As your big data strategy grows, matures and creates value, you may have opportunity to join analytic models across different functions of the business. For example, a model that optimizes materials procurement could be linked to a model that predicts manufacturing throughput. Of course, this approach depends on an agile system of model management to provide consistent insights to your user base through Big Data applications.
Deploy the Tools
The best data and most elegant analytic models in the world are worthless if their target users don’t use them. The presentation of business insights derived from analytic models must be easily accessible, easy to use, embedded in target users’ daily workflow and focused on effective business decisions.
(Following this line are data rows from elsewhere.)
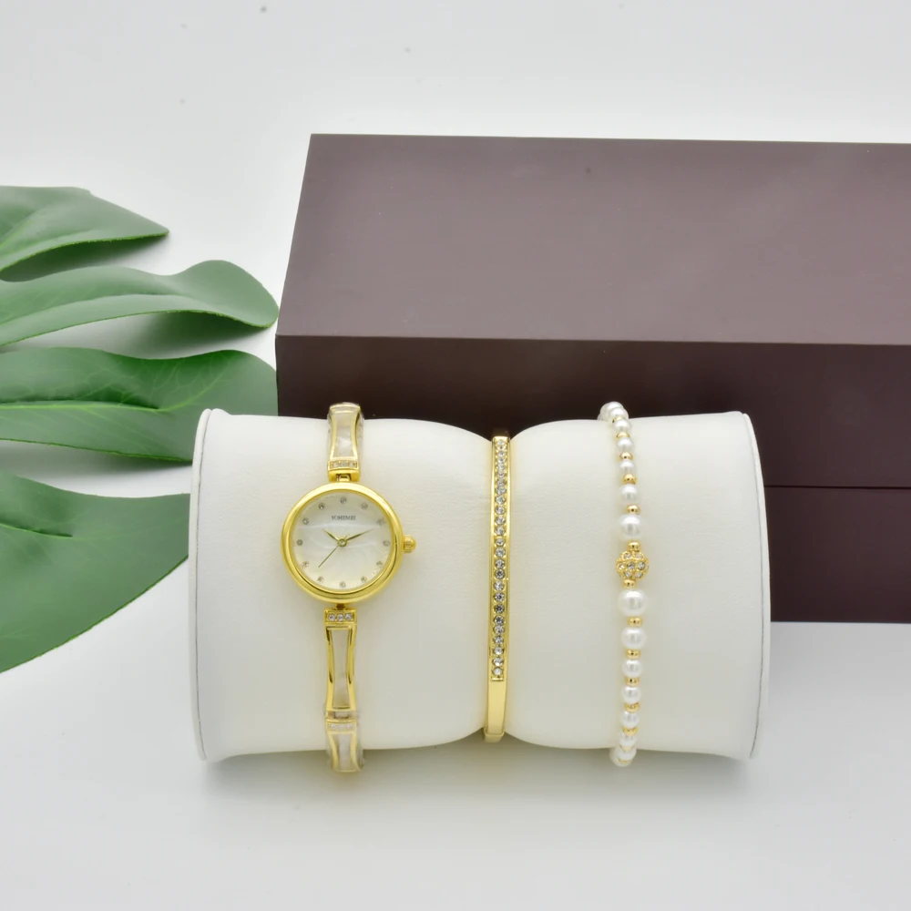 Beste Kopen Nieuwe Mode Vrouwen Horloge Set Dames Edeler Fashion Casual Gold Eenvoudige Ronde Wijzerplaat Armband Horloge Quartz Horloge Vrouwelijke Met Doos Goedkoop
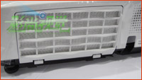 通過優化的風路設計,用于冷卻燈泡內部的氣流,是用專用導管導入的清潔空氣,先冷卻光學部件,再進入燈泡內部進行冷卻。同時另有一路氣流從電源部分進入機體內部,先冷卻電源再冷燈泡外部。先進的設計方案,大大提高了風路的冷卻效率,最大限度的減少了風扇的使用數量,從而實現低噪音。而在機體內部多種多樣的感應器中,其中一種內置感應器能夠在過濾網進入的空氣量過少或機體內部溫度過高時及時發出警報,必要時進行強制關機,以防止光學部件損傷,對投影機進行有效地保護。
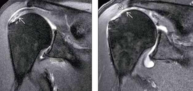 ¿Cómo se ve el desgarro de manguito rotador en RM?
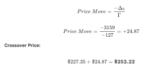 Summary: Your delta will crossover to negative at approximately $252.22. You have a roughly $25 cushion (11%) before your current bullish stance flips to a bearish lean.
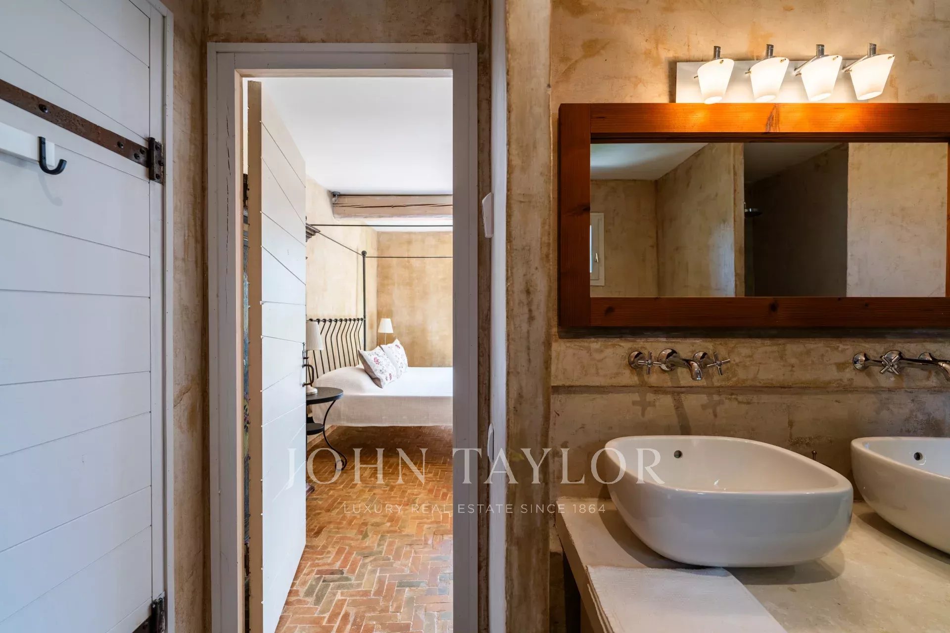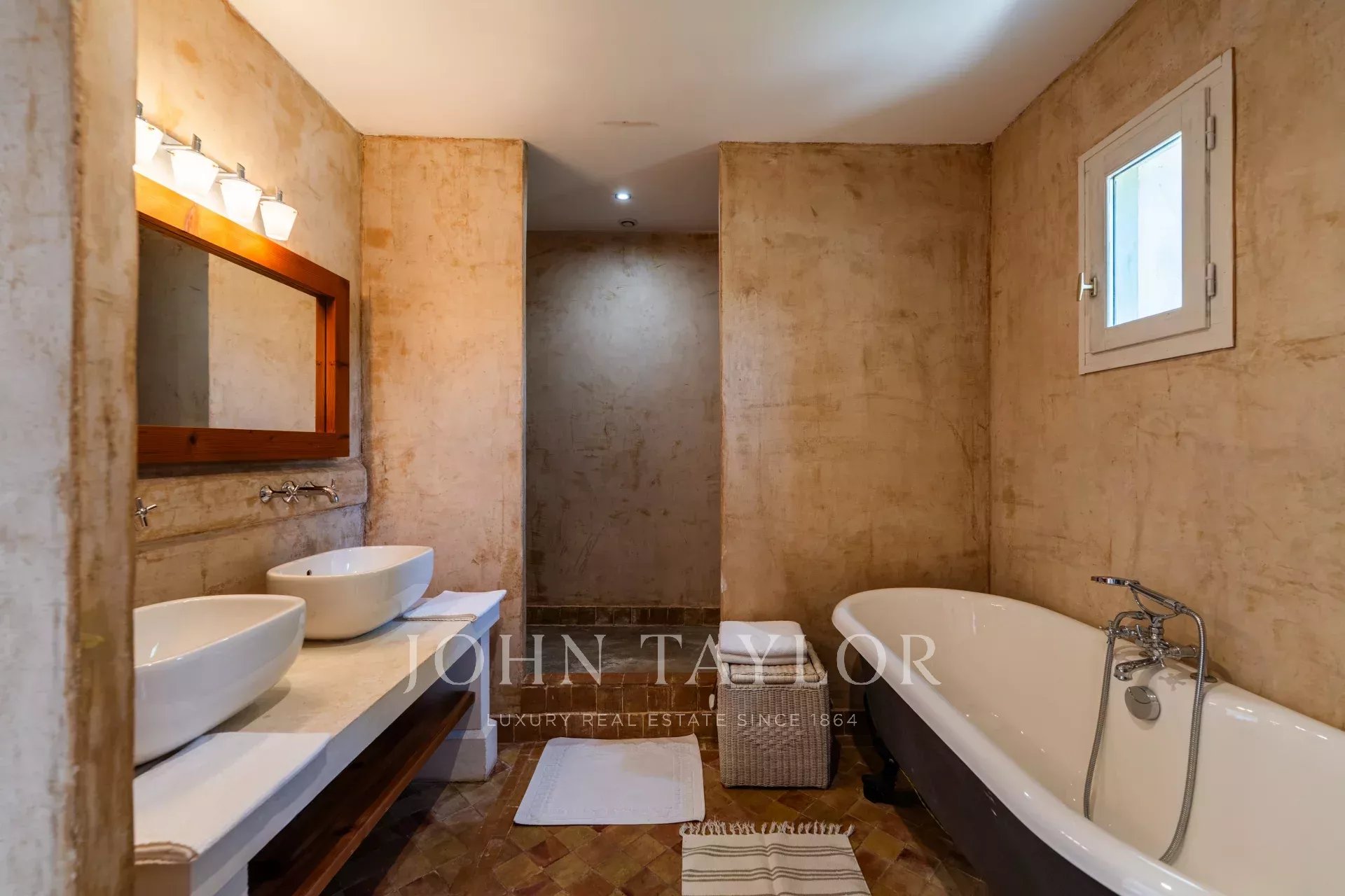 I materiali utilizzati sono stati accuratamente selezionati: pavimenti in pietra di Ménerbes, pareti in tadelakt marocchino, per un'atmosfera calda, senza tempo e minerale.
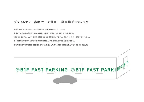受賞コメント大型ショッピングモールのサイン計画における、駐車場内のグラフィック。 情報を一方的に伝え「指示する」のではなく、疑問や状況に「こたえる」サインを目指し、「楽しませるサイン」として、駐車場の壁面にフロア名称を示すグラフィックをゾーンカラーを用いてペイントし、暗く無機質な印象になりがちな駐車場の空間を、より快適に過ごしてもらうだけでなく、訪れた時にはワクワク感を、帰る時にはモールで過ごした楽しい時間の余韻を感じてもらえるよう計画した。
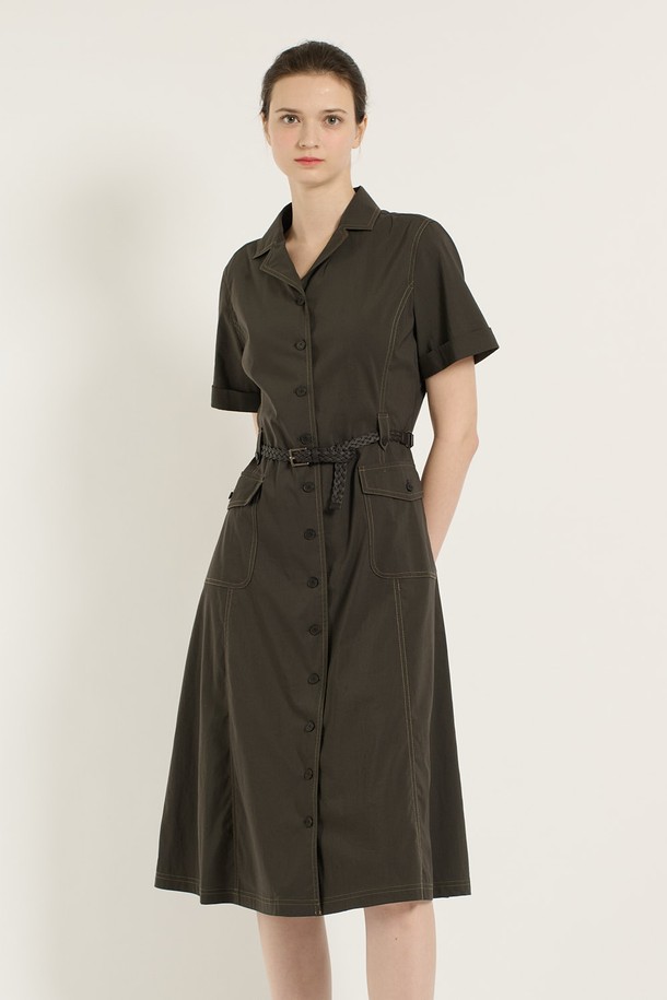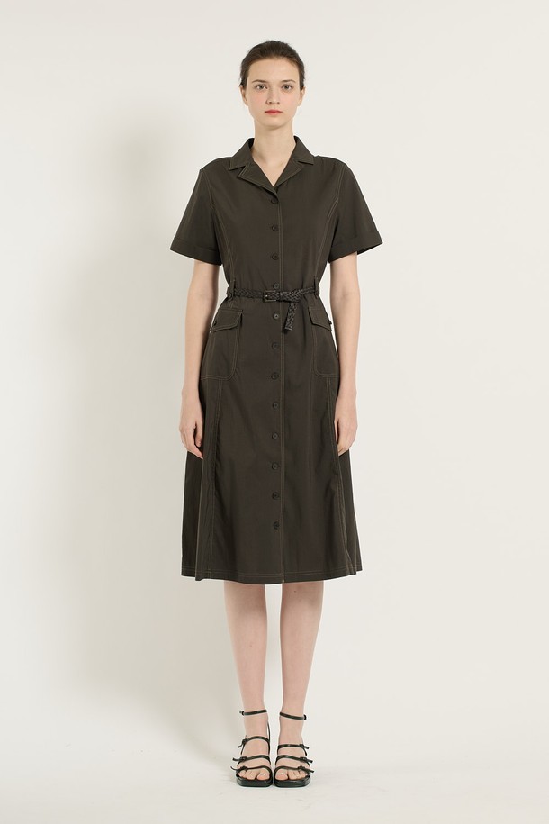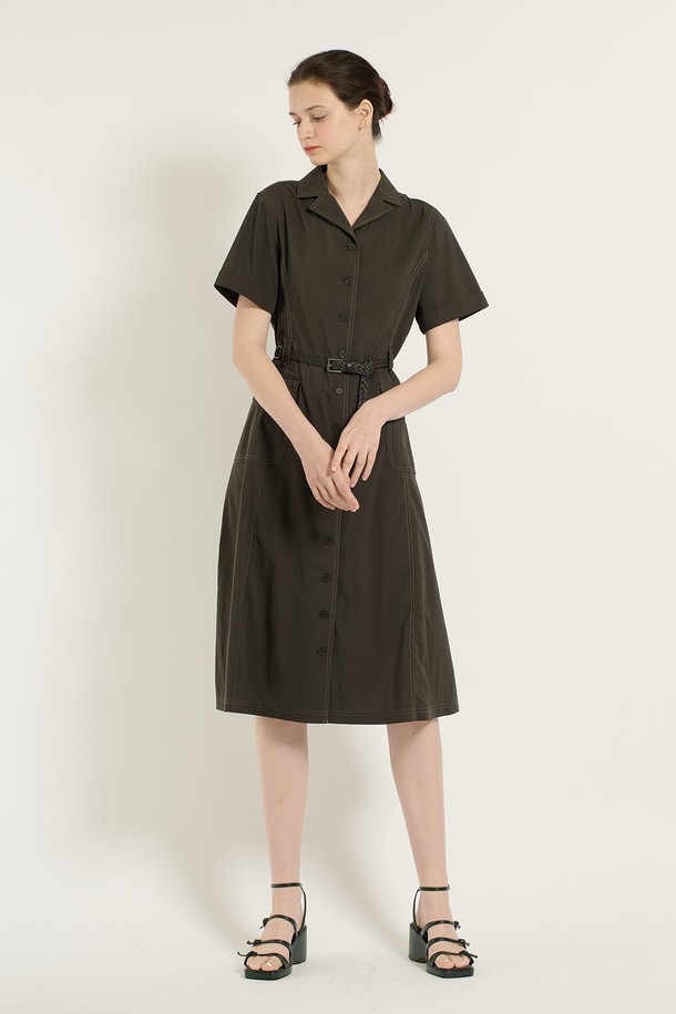 [25SU] 린넨 오픈카라 원피스 - DARK BROWN B5B4O62875
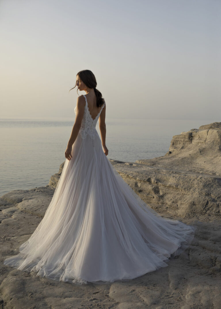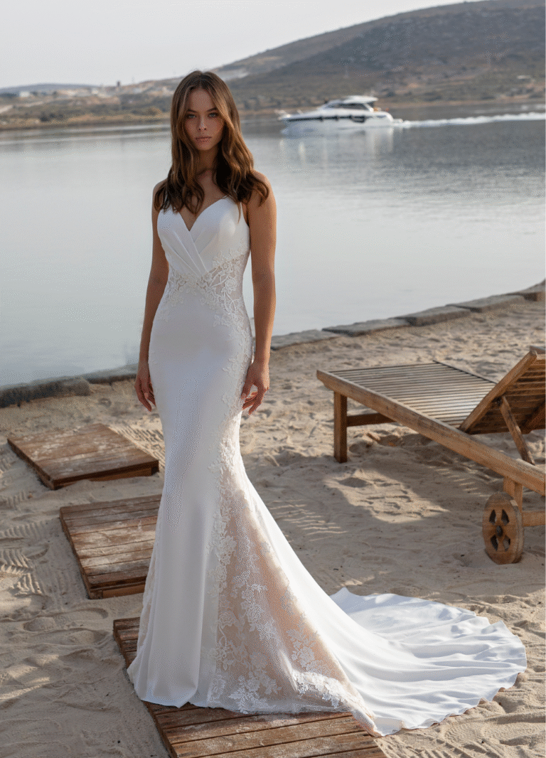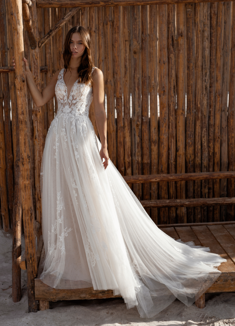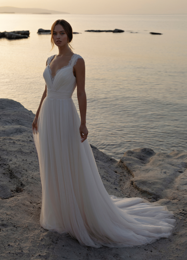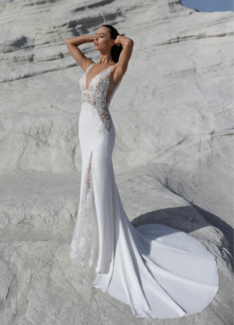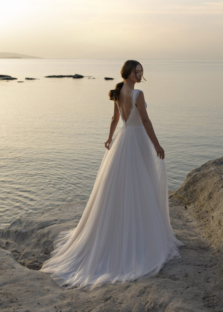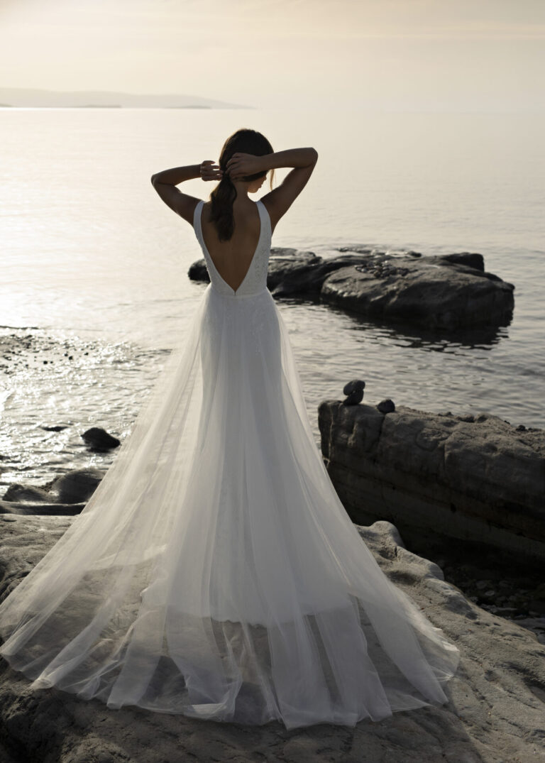 Robe de mariée sirène fluide en dentelle avec dos nu – Onora Une robe simple, fluide et pleine d’allure La robe de mariée Onora,...
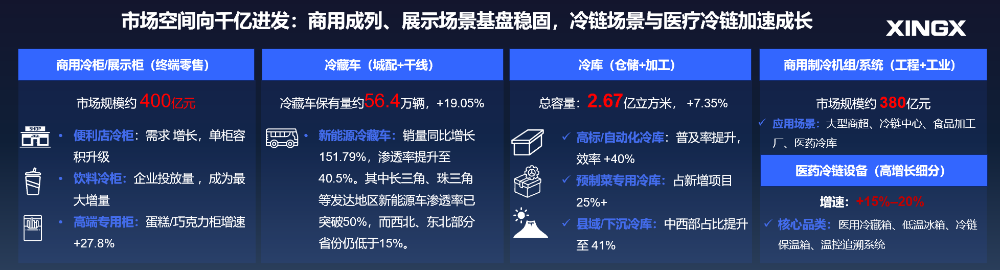 当前商用制冷市场正加速迈向千亿规模,整体呈现传统场景稳健盘底、新兴赛道全面爆发的增长格局。商用冷柜/展示柜作为终端零售的核心基础盘,市场规模约400亿元,其中饮料冷柜为最大增量引擎,便利店冷柜持续向大容积方向升级,高端专用柜以高增速领跑细分品类;冷藏车领域,新能源车型渗透率大幅提升,成为行业增长核心动力;冷库领域,高标自动化冷库、预制菜专用冷库、中西部下沉冷库成为核心增长引擎,带动行业容量持续扩容,成长空间广阔。
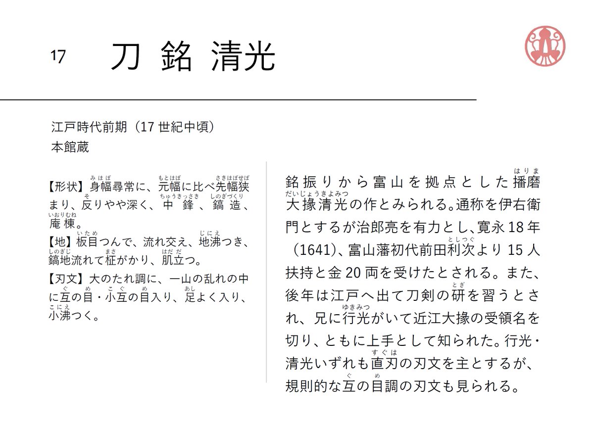 本日は新刀期の加賀を代表する刀工、初代兼若(甚六兼若)をご紹介します。江戸時代初期に刀の名産地・美濃国から来住したとされ、その技量の高さは全国版の刀工番付に名を連ねるほど。「兼若」の名はその後、彼の子孫に受け継がれていきました。画像は当館所蔵の刀です。#大加州刀展
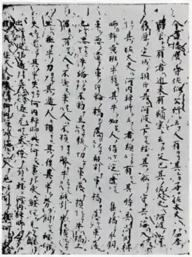 ![]() Фрагмент рукописи Судзука, самого древнего сохранившегося списка Кондзяку моногатари-сю | |
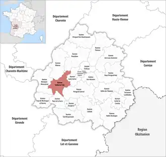![]() Lage des Kantons Vallée de l’Isle im Département Dordogne | |
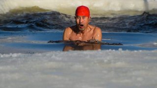 ชายผู้ชื่นชอบการว่ายน้ำ ในฤดูหนาวในจีน
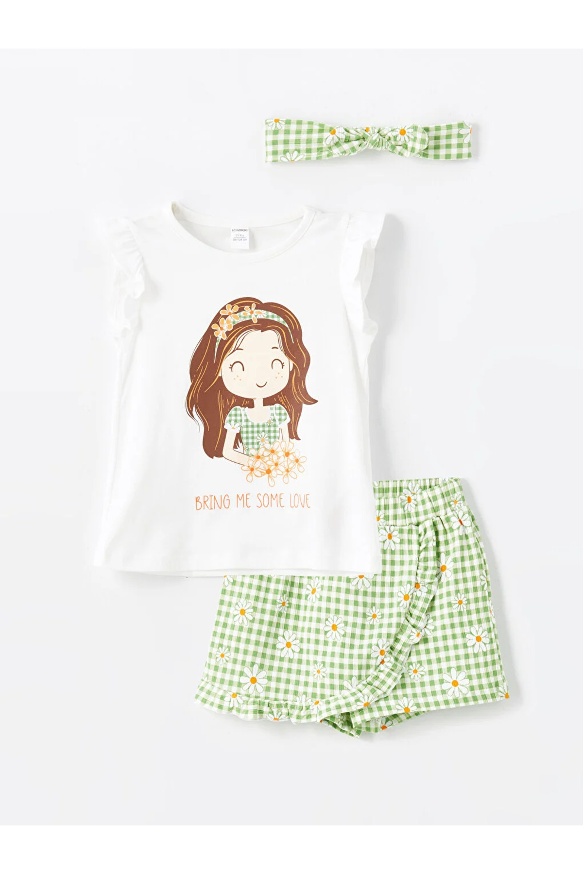 LC Waikiki LCW baby Bisiklet Yaka Kısa Kollu Baskılı Kız Bebek Tişört ve Şort Etek 2'li Takım Mrglobal

So, the effective development and maintenance of big data applications depends on a lean and agile approach to managing product roadmaps. Organizations must strive to deliver only the insights needed to target users when they are needed. Iteratively deploying and enhancing big data applications should help prevent application bloat as well as keep end users engaged.
Big data is more than a trendy buzzword. It encompasses data sources, technologies, best practices and a culture that marshals data assets for maximum business advantage. Organizations considering a Big data strategy should think clearly about the business case for their particular industry and corporate culture. Then, with a governance framework in place, companies can organize their data for modeling, analysis and distribution to their target users at the right time and place.
In this way, a big data strategy turns a company’s data into a strategic asset that generates business value.